Quand je dis le Christ, j’affirme plusieurs choses. Je n’en cite que trois, dans le cadre de
cette étude. D’abord, j’exprime ma foi en ce juif de Nazareth qui s’appelait Jésus et qui,
par Dieu, a été oint, fait par lequel il est devenu le Rois des rois, le Seigneur des
Seigneurs. Son onction s’est faite à partir de son baptême par Jean le Baptiste (Mt 3, 13-
17), s’est poursuivie dansa transfiguration (Mt 17, 1-9) et est arrivée à son paroxysme
dans l’événement de sa Résurrection par Dieu le Père. Celui-ci a reconnu l’authenticité
de son message et approuvé la manière dont il a conduit sa mission, montrant ainsi à
ceux qui l’ont combattu qu’ils se sont fourvoyés.

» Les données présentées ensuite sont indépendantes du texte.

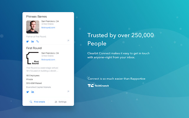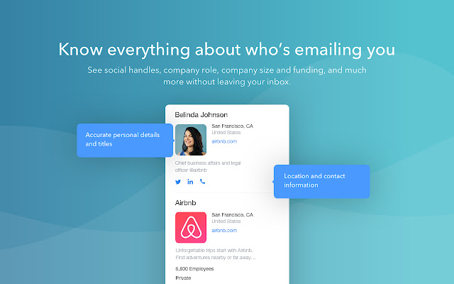 查找任何公司的员工电子邮件地址,并为向您发送电子邮件的任何人显示有用的上下文数据。

Le Christ est face aux nations. Cela veut dire que ce Jésus n’est plus simplement
membre d’un peuple, mais il est la lumière de toutes les nations. Son message est donc
adressé à tous les peuples, sans distinction de races, de religions, de système
économique ou idéologique. Ce message doit être exprimé dans toutes les langues du
monde, et chaque langue a suffisamment de ressources pour l’intégrer. Tout est donc
appelé à être christifié : les cultures africaines, les cultures gabonaises, toutes les
cultures du monde, les hommes, les animaux, le plantes, tout le cosmos, bref toutes les
créatures. Paul l’exprime en termes précis en déclarant, dans son épître aux Romains
« Nous le savons en effet : la création tout entière gémit maintenant encore dans les
douleurs de l’enfantement. Elle n’est pas seule : nous aussi, qui possédons les prémices
de l’Esprit, nous gémissons intérieurement, attendant l’adoption, la délivrance de notre
corps » (Rm 8, 22-23) (Mt 28, 18-20 ; Mc 16, 15).
A partir du moment on se réclame du Christ, on est tenu de s’impliquer dans la
proclamation de son message, lequel n’a rien d’ésotérique. Il doit être enseigné à tous
les hommes, quelles que soient leurs conditions, dans leur système linguistique,
politique, économique, social et culturel. C’est indispensable.
Mais attention, Jésus n’est ni une idole, ni une vedette, ni un plat. Il n’est pas une idole
que l’on définit, dans la Bible, comme une image gravée dans le bois, la pierre, le métal.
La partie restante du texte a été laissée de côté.